CDTD

class synthyverse.generators.cdtd_generator.CDTDGenerator(cat_emb_dim=16, mlp_emb_dim=256, mlp_n_layers=5, mlp_n_units=1024, sigma_data_cat=1.0, sigma_data_cont=1.0, sigma_min_cat=0.0, sigma_min_cont=0.0, sigma_max_cat=100.0, sigma_max_cont=80.0, cat_emb_init_sigma=0.001, timewarp_type='bytype', timewarp_weight_low_noise=1.0, num_steps_train=30000, num_steps_warmup=1000, batch_size=4096, lr=0.001, ema_decay=0.999, log_steps=100, random_state=0)

Bases: BaseGenerator

Registry name: cdtd

Continuous Diffusion for mixed-type Tabular Data (CDTD).

CDTD uses continuous diffusion for mixed-type tabular data. It provides several improvements to homogenize data types in the modelling process.

Uses the simple wrapper implementation from the original paper’s authors (https://github.com/muellermarkus/cdtd_simple)

Paper: “Continuous Diffusion for Mixed-Type Tabular Data” by Mueller et al. (2023).

Parameters:
  • cat_emb_dim (int) – Embedding dimension for categorical features. Default: 16.

  • mlp_emb_dim (int) – Embedding dimension for MLP layers. Default: 256.

  • mlp_n_layers (int) – Number of MLP layers. Default: 5.

  • mlp_n_units (int) – Number of units per MLP layer. Default: 1024.

  • sigma_data_cat (float) – Data sigma for categorical features. Default: 1.0.

  • sigma_data_cont (float) – Data sigma for continuous features. Default: 1.0.

  • sigma_min_cat (float) – Minimum sigma for categorical features. Default: 0.0.

  • sigma_min_cont (float) – Minimum sigma for continuous features. Default: 0.0.

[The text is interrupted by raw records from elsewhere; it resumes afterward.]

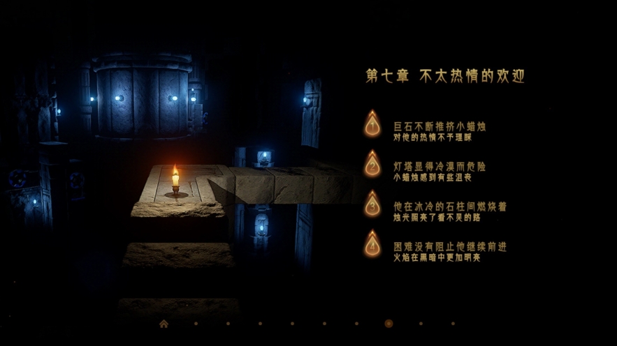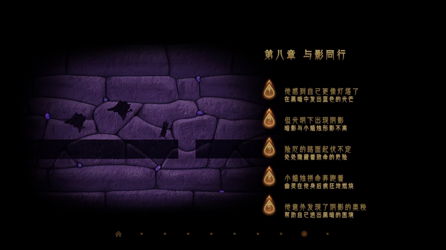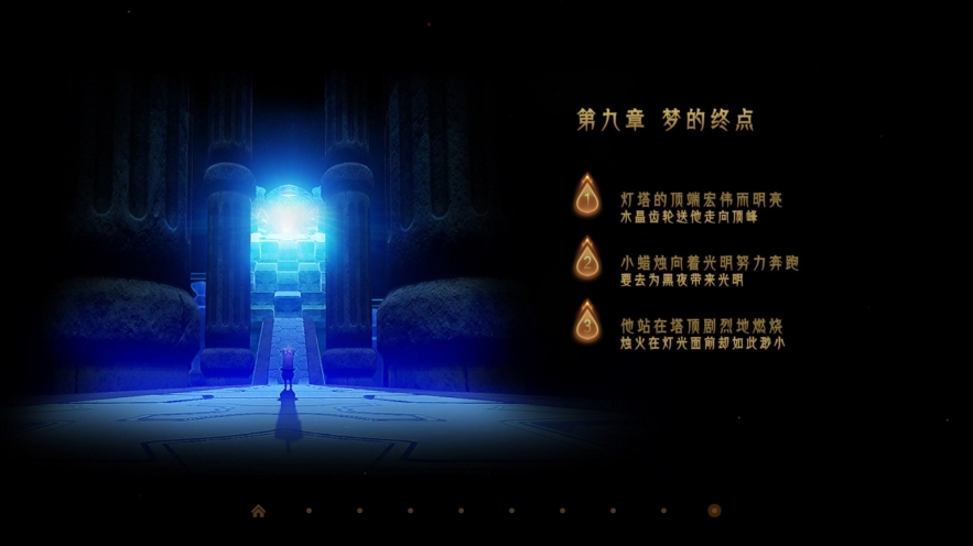 1、更新后的章節(jié),尤其是第九章,是最最不容易漏掉蠟燭的地方,我三十分鐘通關(guān)第九章全收集蠟燭炒雞容易的。
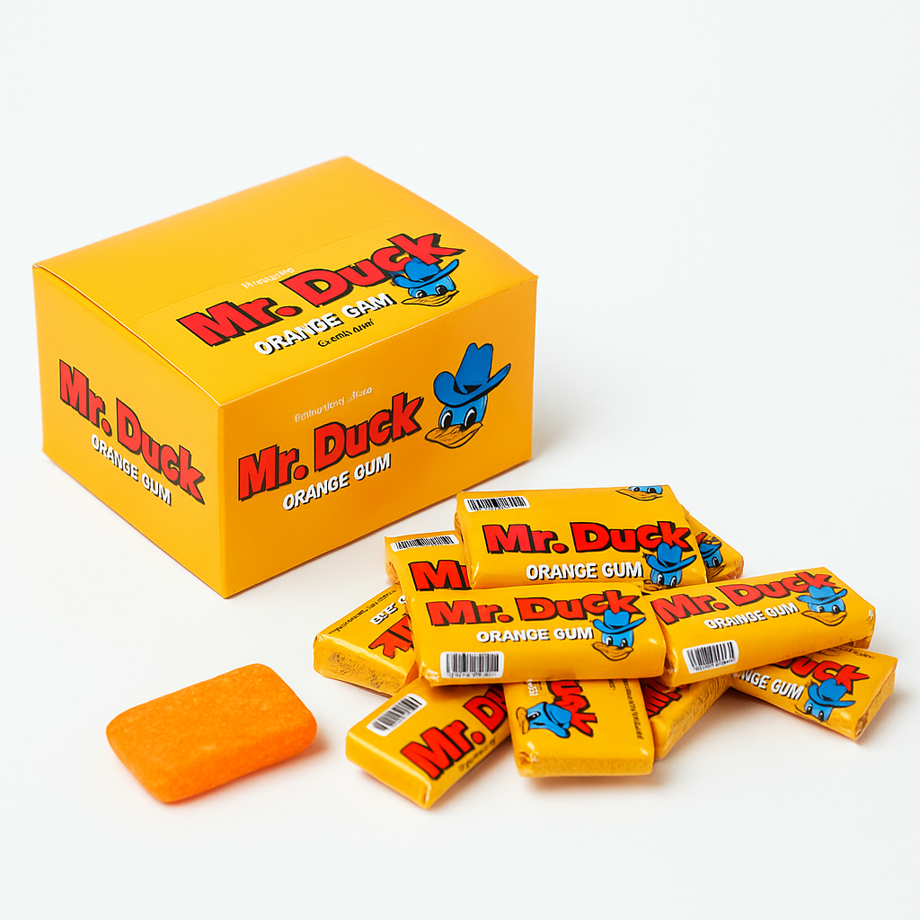 Апельсиновая жевательная резинка «Mr. Duck» — компактный формат 3,5 г для кассовой зоны, наборов и штучных продаж. Яркий цитрусовый вкус, удобная индивидуальная упаковка, стабильное качество от Topgum Pro.
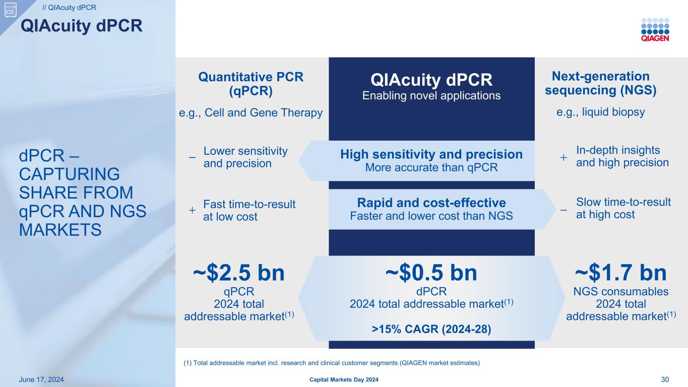 推动中期增长的重点战略2024年6月17日资本市场日29//SAMPLE TECHNOLOGIES ≥ 7.5亿美元样本技术净销售额CER目标(2028)更新中通量自动化平台与下一代应用更新旗舰仪器杠杆> 3,300个全球布局QIASymphony Connect Launch 2025NEW进入高通量自动化市场进行研究QIASPrint Connect引入基于流行的磁珠耗材的新系统构建Launch 2026NEW Expand in state-art applications with new consumables extends # 1 position with improved handling through new consumables kits MicrobiomeLiquid biopsy Pathogen detection CER – constant exchange rates

  • sigma_max_cat (float) – Maximum sigma for categorical features. Default: 100.0.

  • sigma_max_cont (float) – Maximum sigma for continuous features. Default: 80.0.

  • cat_emb_init_sigma (float) – Initial sigma for categorical embeddings. Default: 0.001.

  • timewarp_type (str) – Type of time warping. Options: “single”, “bytype”, “all”. Default: “bytype”.

  • timewarp_weight_low_noise (float) – Weight for low noise in time warping. Default: 1.0.

  • num_steps_train (int) – Number of training steps (iterations, not epochs). Default: 30000.

  • num_steps_warmup (int) – Number of warmup steps. Default: 1000.

  • batch_size (int) – Batch size for training. Default: 4096.

  • lr (float) – Learning rate. Default: 1e-3.

  • ema_decay (float) – Exponential moving average decay. Default: 0.999.

  • log_steps (int) – Steps between logging. Default: 100.

  • random_state (int) – Random seed for reproducibility. Default: 0.

Example

>>> import pandas as pd
>>> from synthyverse.generators import CDTDGenerator
>>>
>>> # Load data
>>> X = pd.read_csv("data.csv")
>>> discrete_features = ["category_col"]
>>>
>>> # Create generator
>>> generator = CDTDGenerator(
...     timewarp_type="bytype",
...     num_steps_train=30000,
...     random_state=42
... )
>>>
>>> # Fit and generate
>>> generator.fit(X, discrete_features)
>>> X_syn = generator.generate(1000)
fit(X, discrete_features, X_val=None)

Fit the generator to tabular data.

Parameters:
  • X (DataFrame) – Training data in the generator’s input space.

  • discrete_features (list) – Names of categorical/discrete columns in X.

  • X_val (Optional[DataFrame]) – Optional validation data in the same schema as X.

Returns:

The fitted generator.

generate(n)

Generate synthetic tabular data.

Parameters:

n (int) – Number of synthetic rows to generate.

Returns:

Synthetic data in the generator’s model space.

classmethod load(path)

Load a generator persisted with the default pickle layout.

save(path)

Persist the generator state with the default pickle layout.